Jacques Prévert

La boutique d’Adrienne

Les Amis des Livres.

Une boutique, un petit magasin, une baraque foraine, un temple, un igloo, les coulisses d’un théâtre, un musée de cire et de rêves, un salon de lecture et parfois une librairie toute simple avec des livres à vendre ou à louer et à rendre et des clients, les amis des livres, venus pour les feuilleter, les acheter, les emporter. Et les lire.

Depuis longtemps déjà, les littérateurs, ou tout au moins beaucoup d’entre eux, parlent avec mépris de la « littérature », et le mot littérature dans leur vocabulaire a bien mauvaise tournure.

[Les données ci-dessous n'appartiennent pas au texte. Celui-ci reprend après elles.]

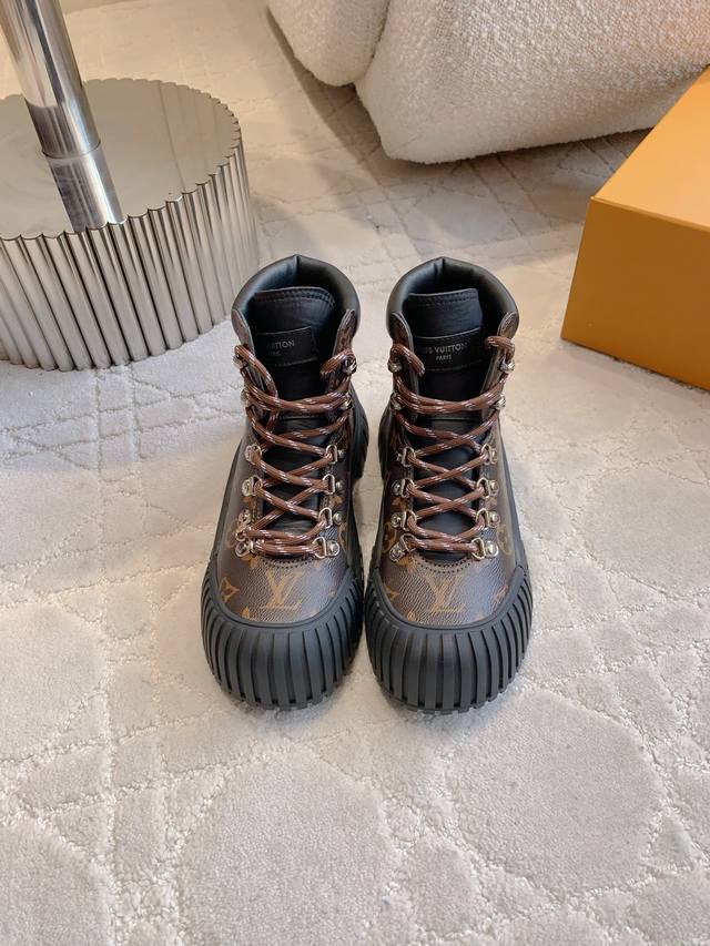 出厂价p Louis Vuitt*经典贝壳头短靴 鞋型酷酷的样子中带点俏皮可爱 很好搭配,脚感好!增高效果也不错呀! 鞋面牛皮 原版老花面料 内里羊皮 原版开模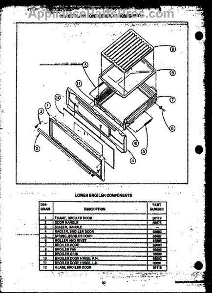 Parts for Amana RMA353: 01 - Black Glass Lower Broiler Components Parts

Les films et la danse ou le récit des songes et tant de choses encore, dont la littérature, passent à la casserole du jugement péremptoire, savant et méprisant : Tout ça, c’est de la littérature !

Les peintres, les bons et les mauvais, les grands et les petits et les vrais et les faux, les vivants et les morts ne disaient jamais et ne disent pas non plus aujourd’hui du mal de la peinture. De même le jardinier devant un jardin insensé, un jardin ni fait ni à faire, un insolite et mystérieux parterre de lierre et d’orties, ne dit pas : Tout ça, c’est de l’horticulture !

Adrienne Monnier était comme ce jardinier, et dans la serre de la rue de l’Odéon où s’épanouissaient, s’échangeaient, se dispersaient ou se fanaient les idées en toute liberté, en toute hostilité, en toute promiscuité, en toute complexité, souriante, émue et véhémente, elle parlait de ce qu’elle aimait : la littérature.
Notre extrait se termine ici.